Exercise brief
The required answer is an exact copy of the lines from the one containing "固定开局,左侧消除雪块,激活" to the end of the listing, both included, without any pictures.

Data section

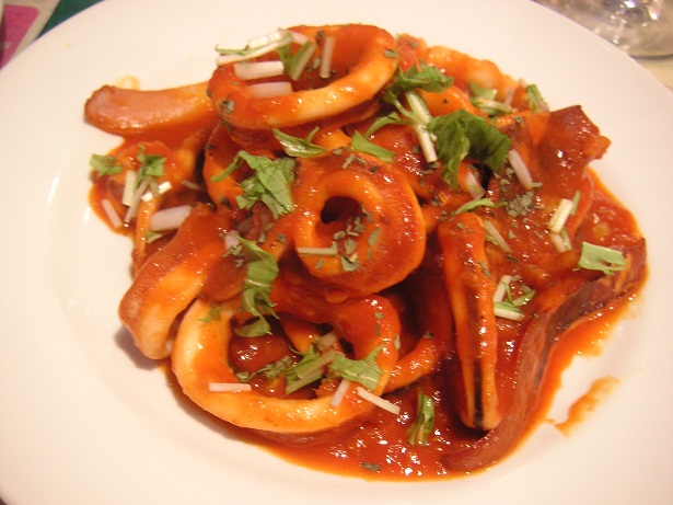 友人がワインのお供に頼んだ真イカのトマトソース炒め ¥500
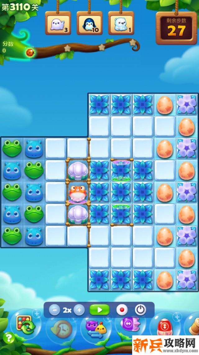 固定开局,左侧消除雪块,激活气鼓鱼,向右推进,消除冰层,雪层,冰块,收集鸡蛋,最右一侧冰层太厚,很难消除,需要充分利用页面组特效,消除,消冰后,释放海洋生物,步数不多,烂尾严重,需要积攒运气,祝福好运!
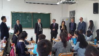 座谈会结束,白潇乐一行走进国交学院教室,与正在学习德语的学生进行交流,勉励他们学好德语,为专业学习打下基础,他会在德国等着大家。
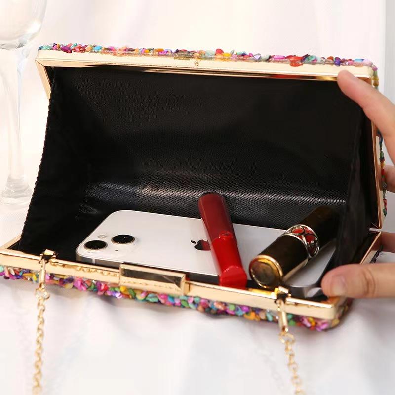 Robe colorée de haute qualité sacs de soirée dames mode strass et incrustation de coquillages embrayages à chaîne carrée

Answer space
 固定开局,左侧消除雪块,激活气鼓鱼,向右推进,消除冰层,雪层,冰块,收集鸡蛋,最右一侧冰层太厚,很难消除,需要充分利用页面组特效,消除,消冰后,释放海洋生物,步数不多,烂尾严重,需要积攒运气,祝福好运!
 座谈会结束,白潇乐一行走进国交学院教室,与正在学习德语的学生进行交流,勉励他们学好德语,为专业学习打下基础,他会在德国等着大家。
 Robe colorée de haute qualité sacs de soirée dames mode strass et incrustation de coquillages embrayages à chaîne carrée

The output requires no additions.